Your assignment
Reproduce, word for word, the lines in the material below starting with the one that has "Anello trilogy oro" and going on through the one that has "실내로 들어서면 촛불". Leave out all pictures.
......
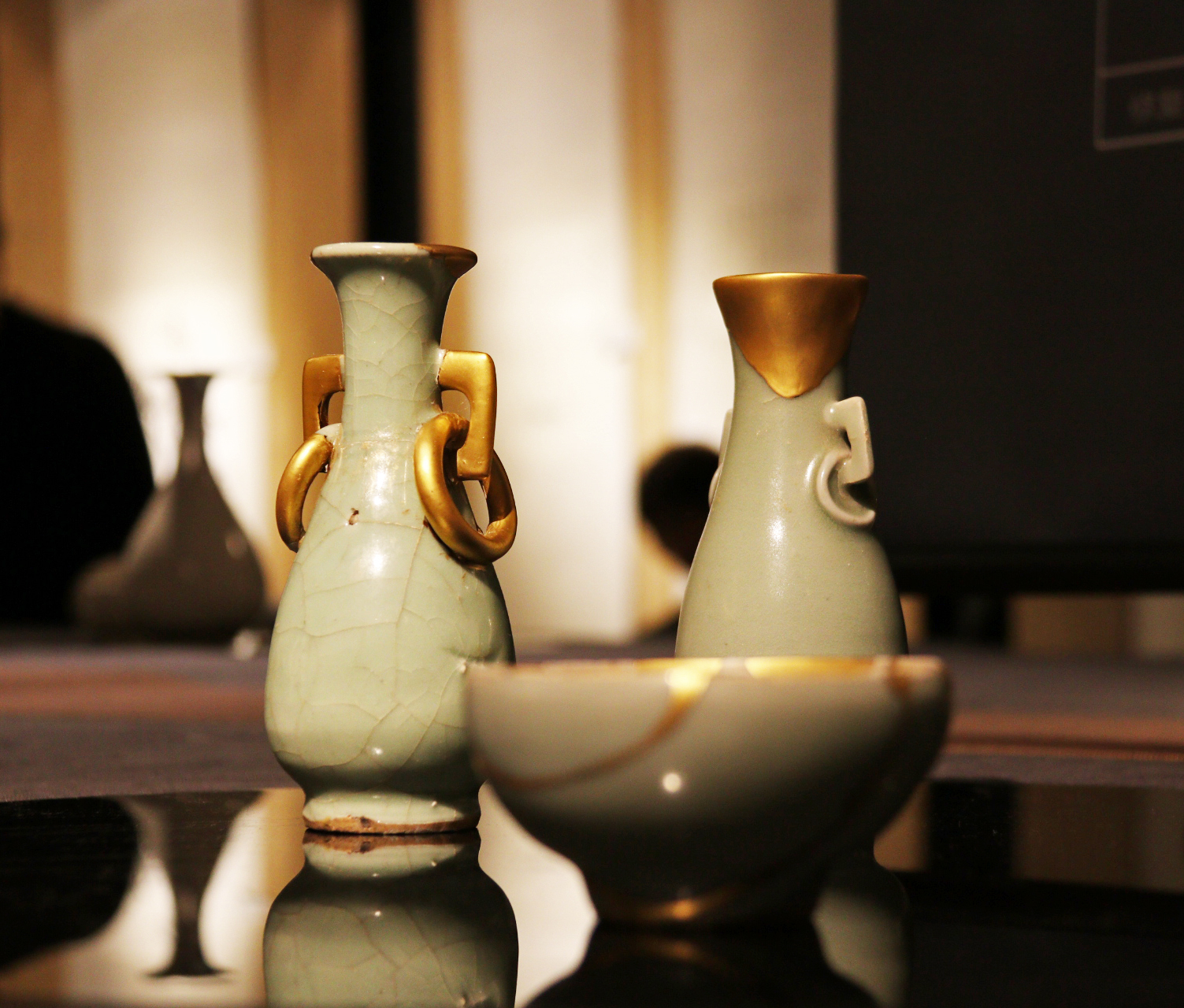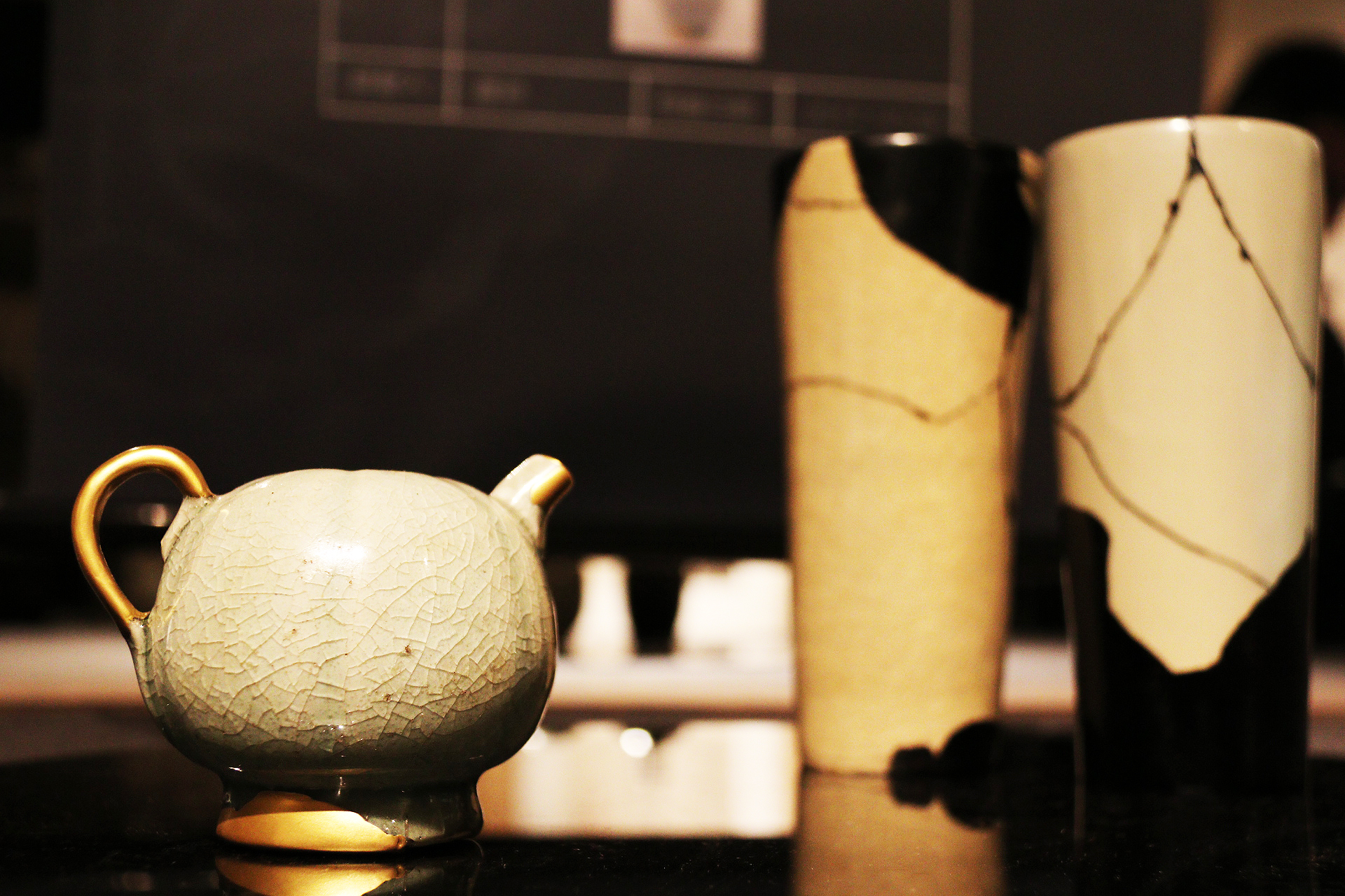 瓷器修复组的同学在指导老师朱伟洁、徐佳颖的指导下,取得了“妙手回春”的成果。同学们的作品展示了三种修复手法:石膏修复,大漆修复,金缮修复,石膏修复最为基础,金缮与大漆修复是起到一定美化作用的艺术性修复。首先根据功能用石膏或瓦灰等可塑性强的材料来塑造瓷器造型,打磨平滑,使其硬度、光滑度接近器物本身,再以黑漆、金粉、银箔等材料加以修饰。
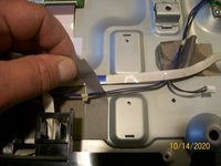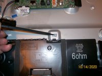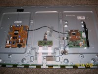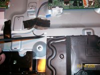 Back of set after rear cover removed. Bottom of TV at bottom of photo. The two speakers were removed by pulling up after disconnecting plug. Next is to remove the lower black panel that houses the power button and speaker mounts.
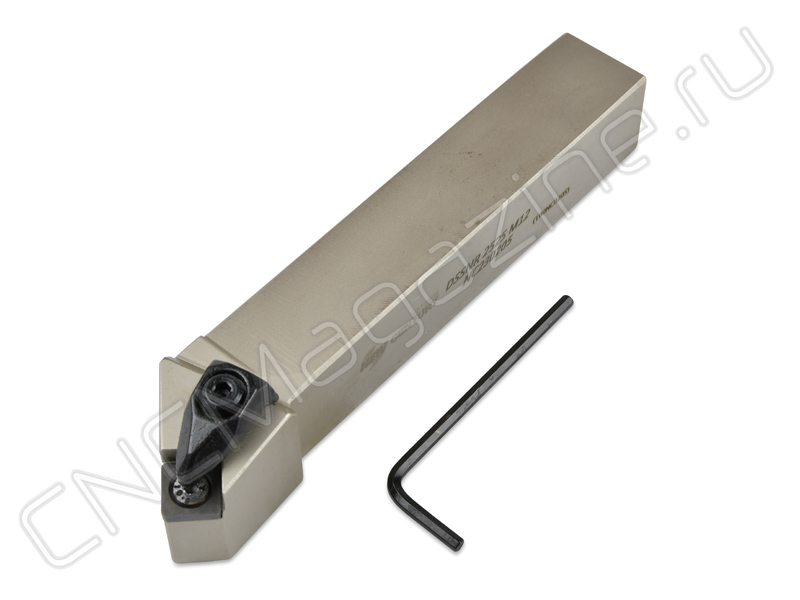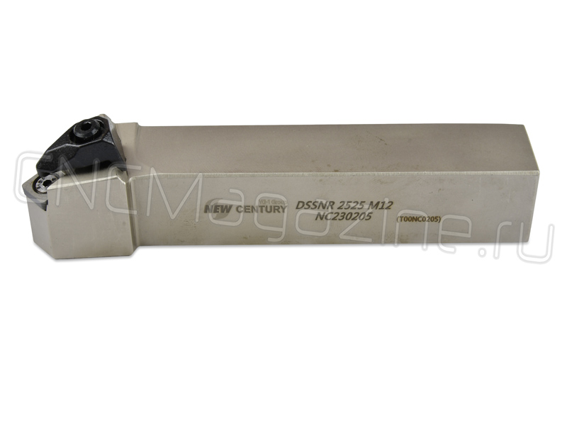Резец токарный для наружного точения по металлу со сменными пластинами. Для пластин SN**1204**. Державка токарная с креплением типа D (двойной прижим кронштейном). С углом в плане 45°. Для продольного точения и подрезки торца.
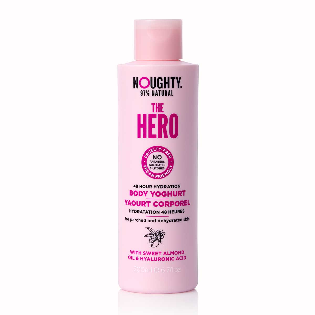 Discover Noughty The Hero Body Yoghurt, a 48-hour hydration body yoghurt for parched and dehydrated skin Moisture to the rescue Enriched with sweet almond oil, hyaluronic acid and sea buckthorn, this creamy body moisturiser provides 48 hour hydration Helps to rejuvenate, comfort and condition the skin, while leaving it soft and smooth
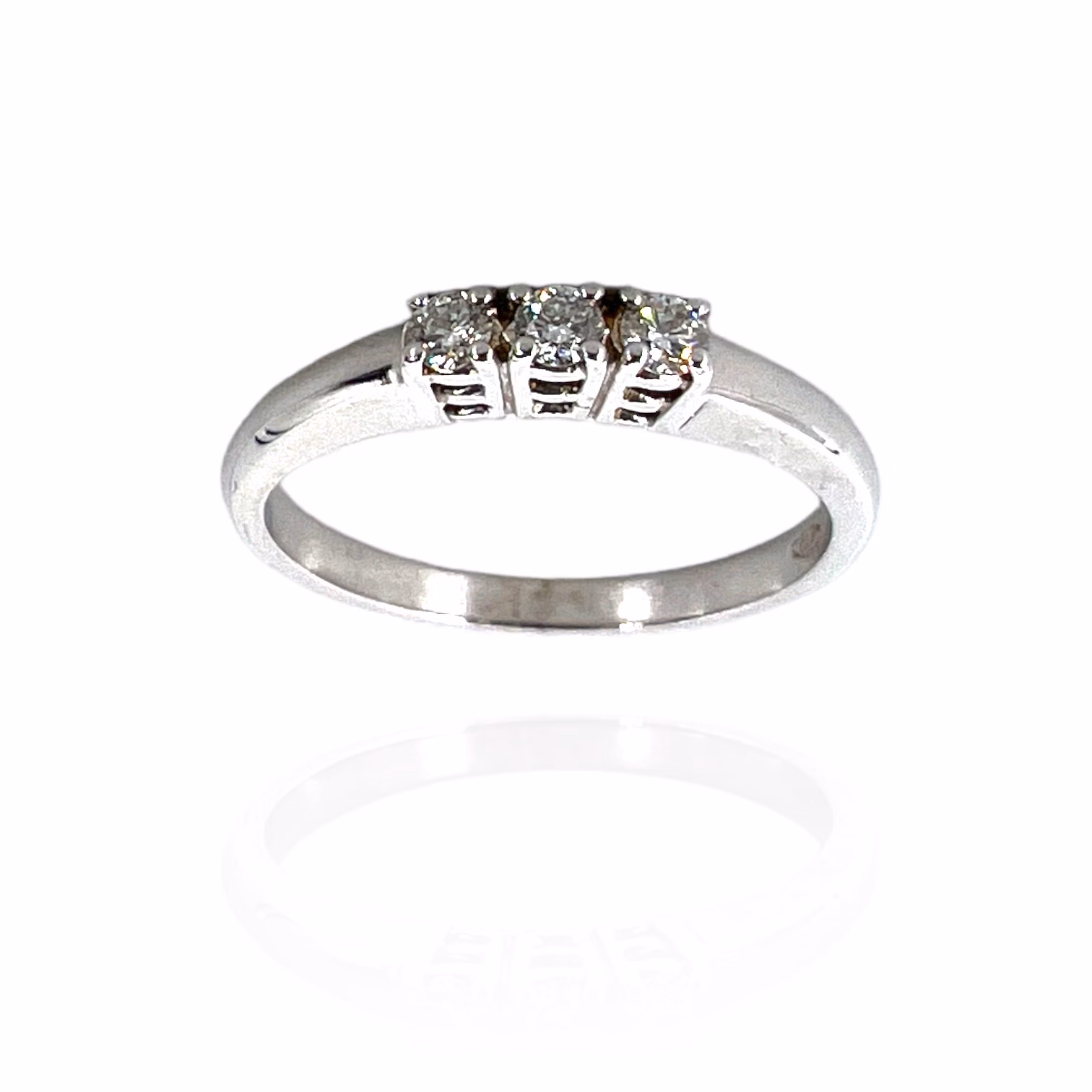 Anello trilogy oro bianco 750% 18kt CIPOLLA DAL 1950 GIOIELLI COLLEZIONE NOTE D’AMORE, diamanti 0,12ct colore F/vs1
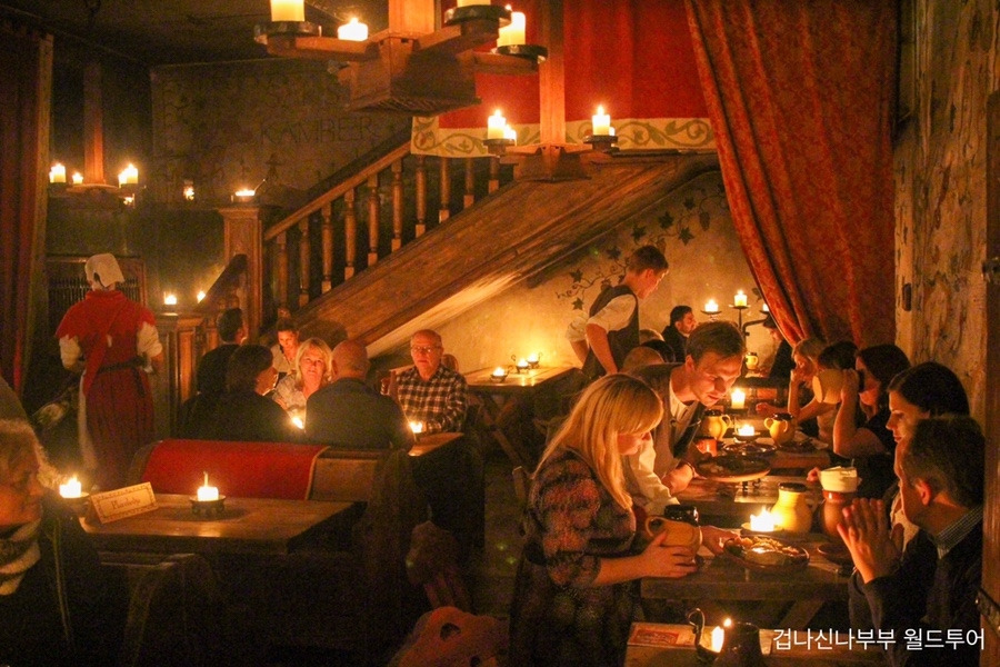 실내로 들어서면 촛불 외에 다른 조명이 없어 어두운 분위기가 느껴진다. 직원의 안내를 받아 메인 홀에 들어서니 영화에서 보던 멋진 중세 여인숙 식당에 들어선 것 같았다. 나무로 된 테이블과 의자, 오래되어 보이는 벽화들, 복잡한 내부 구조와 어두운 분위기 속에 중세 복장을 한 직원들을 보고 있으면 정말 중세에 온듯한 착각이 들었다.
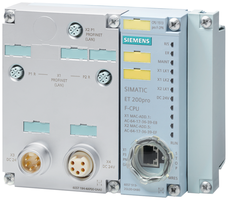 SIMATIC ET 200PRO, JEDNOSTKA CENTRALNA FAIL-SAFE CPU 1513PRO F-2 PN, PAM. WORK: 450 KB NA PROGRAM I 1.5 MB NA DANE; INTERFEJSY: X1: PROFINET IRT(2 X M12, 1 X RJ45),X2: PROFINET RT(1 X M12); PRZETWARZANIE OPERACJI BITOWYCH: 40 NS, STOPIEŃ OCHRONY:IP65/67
......
Output of the task
 Anello trilogy oro bianco 750% 18kt CIPOLLA DAL 1950 GIOIELLI COLLEZIONE NOTE D’AMORE, diamanti 0,12ct colore F/vs1
 실내로 들어서면 촛불 외에 다른 조명이 없어 어두운 분위기가 느껴진다. 직원의 안내를 받아 메인 홀에 들어서니 영화에서 보던 멋진 중세 여인숙 식당에 들어선 것 같았다. 나무로 된 테이블과 의자, 오래되어 보이는 벽화들, 복잡한 내부 구조와 어두운 분위기 속에 중세 복장을 한 직원들을 보고 있으면 정말 중세에 온듯한 착각이 들었다.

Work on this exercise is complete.